Puerto Rico’s colonial status hinges on a New York hedge fund’s greed
While the drama in Venezuela currently has center stage in sovereign debt circles, a lawsuit in San Juan has the potential to be one of the most significant in sovereign debt history. This lawsuit could not only derail Puerto Rico’s current debt restructuring attempts, but it could also call into question the constitutionality of its status as an “unincorporated” U.S. territory. Rarely does a case that is nominally about debt so squarely involve the question of what it means to be sovereign.
In 2016, Congress passed the Puerto Rico Oversight, Management and Economic Stability Act, or Promesa, which among other things established a control board with broad powers to run Puerto Rico’s finances until it can be returned to fiscal stability. To quote the title of one of the academic articles that inspired the control board idea, it is a “dictatorship for democracy” in the form of a temporary, undemocratic institution designed to restore order.
{mosads}Unsurprisingly, the board has faced strong opposition. Critics allege that it fails to address the island’s underlying economic problems, and also that it fails even the most basic tests of democratic accountability. Some union leaders, environmental groups, and left-wing political parties see the board as a tool of vulture capitalists working in cahoots with the federal government to reimpose colonial rule.
This makes it all the more striking that their most powerful ally against the board might well be an infamous New York hedge fund, whose lawsuit could bring the control board crashing down, and perhaps even alter Puerto Rico’s territorial status. The hedge fund, Aurelius, has a straightforward claim: The members of the Promesa board were unconstitutionally appointed, and therefore the steps toward a debt restructuring that the control board has taken and plans to take (which would likely force Aurelius to take a haircut on the nearly half a billion dollars of Puerto Rican debt it holds) are invalid.
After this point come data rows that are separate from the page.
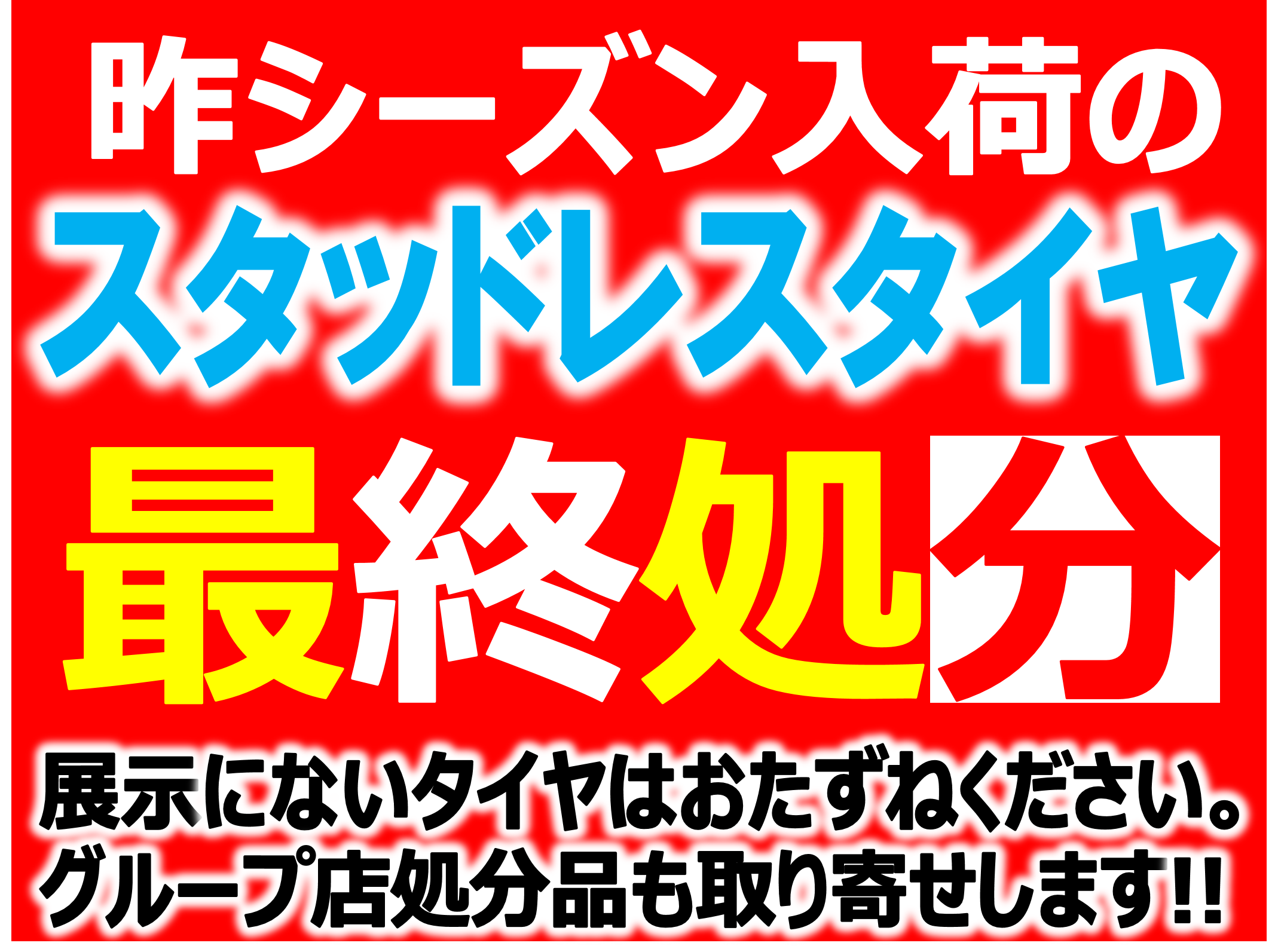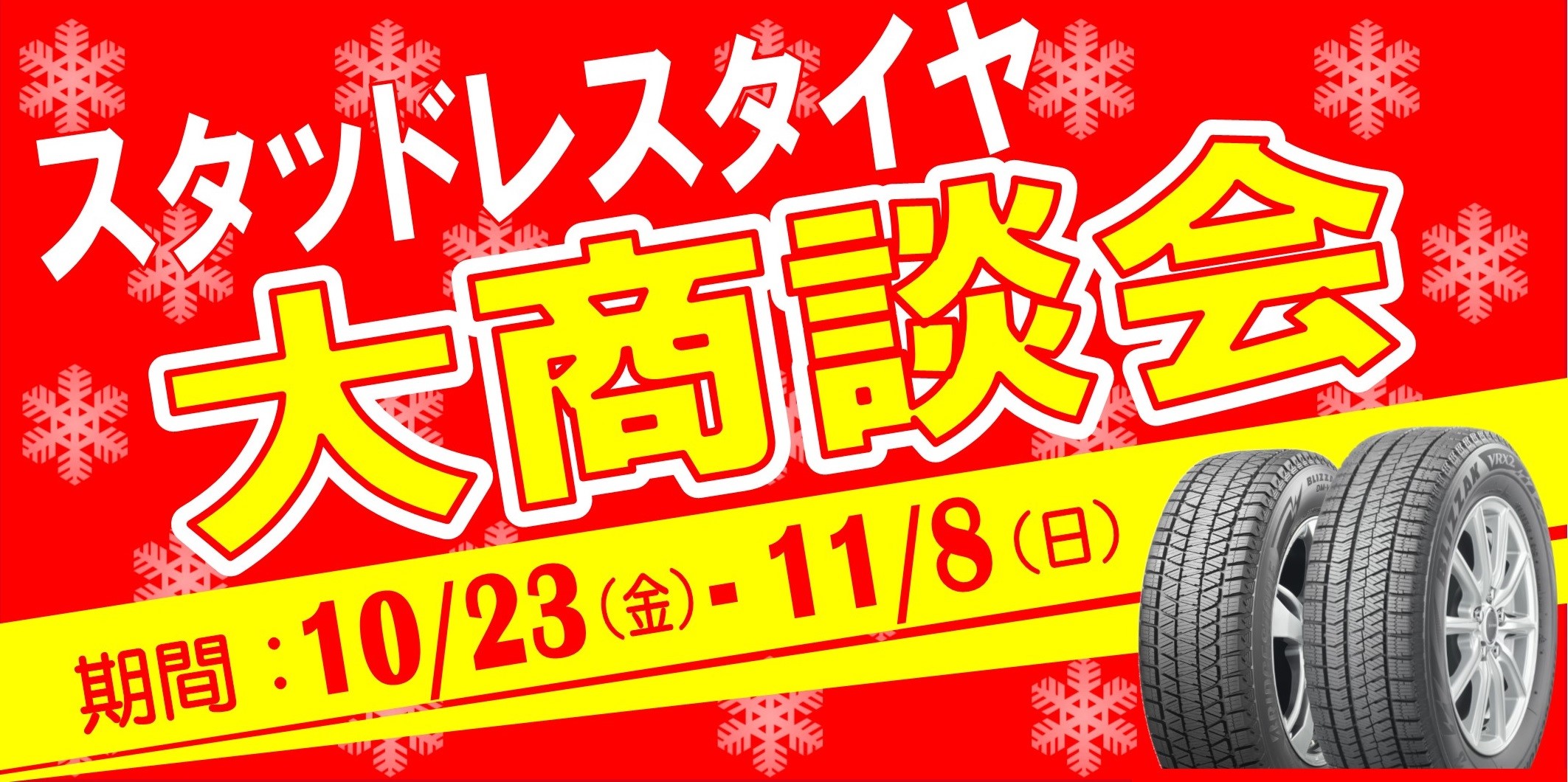 スタッドレスタイヤ大商談会 明日から開催!! ポスト 2020年10月22日 タイヤ館西神戸店のHPをご覧いただき ありがとうございます!! 10/23~11/08まで スタッドレスタイヤ大商談会を 開催します!!(^^♪ 更に!! あなたの愛車のタイヤがお得に見つかるかもしれません!! いよいよ明日からスタート!! この機会を是非お見逃しなく!! タイヤ館 西神戸←地図情報はこちらをクリック 〒651-2124 兵庫県神戸市西区伊川谷町潤和850-1 TEL 078-975-0410 営業時間 10:30-19:00 定休日 火曜日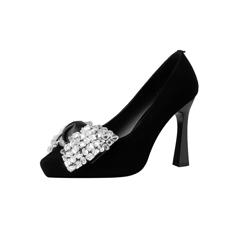 天猫蝴蝶结水钻绒面单鞋尖头时尚女鞋2025秋季新款浅口高跟鞋一脚蹬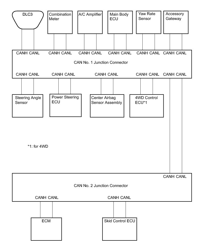 (c) The connection diagram of the components which are connected to the CAN junction connector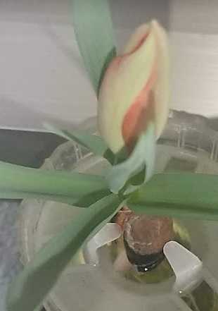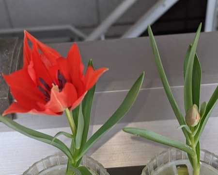 ミニチューリップ・リニフォリアの水栽培が開花しました。3つ買ったうち1つ咲いて、もう一つ咲きそうで、一つはダメでした。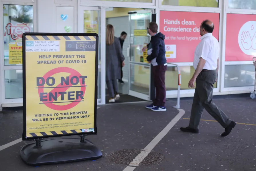 Covid-19 signage at the entrance to Craigavon Area Hospital in Co Armagh, Northern Ireland, May 5, 2020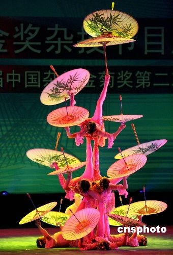 圖為由河北省雜技團演出的《詩畫韻——蹬傘》。中新社發(fā) 張勤 攝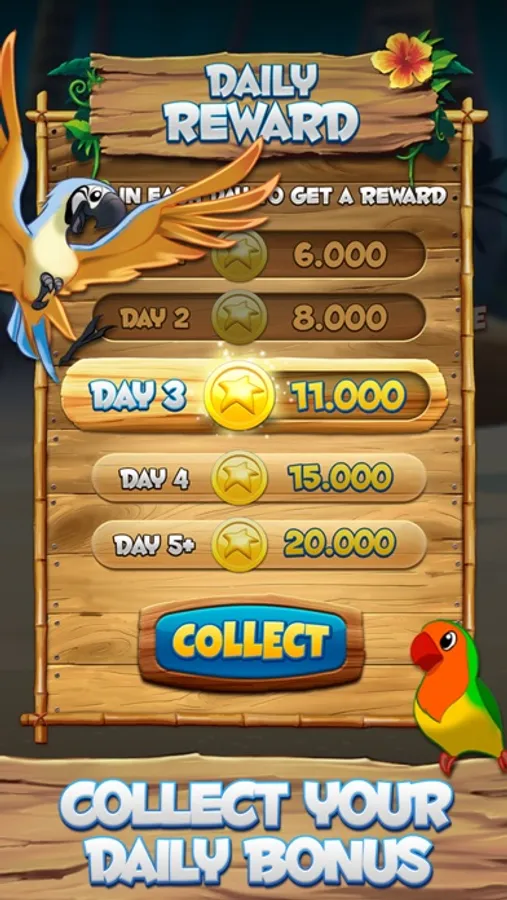 -Daily bonus The more days in a row you enter, the bigger your reward will be!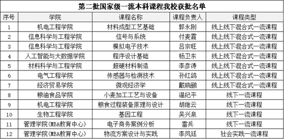 近日,教育部发布了《关于公布第二批国家级一流本科课程认定结果的通知》(教高函〔2023〕7号),我校共有12门课程被认定为国家级一流本科课程,其中线上线下混合式一流课程7门、线下一流课程4门、社会实践一流课程1门,课程清单如下:

The basis for this claim lies in the appointments clause of the Constitution, which specifies that principal federal officers must be appointed by the president, with the advice and consent of the Senate. Although the case law is not crystal clear, principal federal officers tend to be those who exercise significant authority pursuant to federal law and who have the president as their only boss. If the appointment of a seven-member control board with carte blanche to run the finances of the country’s biggest territory is not the appointment of primary federal officers, what is?
But the board members have an answer. Puerto Rico is, according to century-old Supreme Court precedents, an “unincorporated territory.” That means that the board members are territorial officers under the territorial clause of the Constitution, not federal officers subject to the appointments clause. The former clause gives Congress the power to “make all needful rules and regulations respecting the territory or other property belonging to the United States.” A plenary authority is not subject to the usual constraints of the separation of powers.
That those Supreme Court precedents, the much-reviled Insular Cases, are still part of American law is an embarrassment. They were written by the same basic lineup of justices who penned Plessy v. Ferguson, and are tainted by a stunningly racist and colonial mindset. Plessy v. Ferguson is the infamous case that held that “separate but equal” was constitutional, and it was explicitly overturned by Brown v. Board of Education. The Insular Cases, by contrast, remain good law and are still the basis of Puerto Rico’s form of sovereign limbo.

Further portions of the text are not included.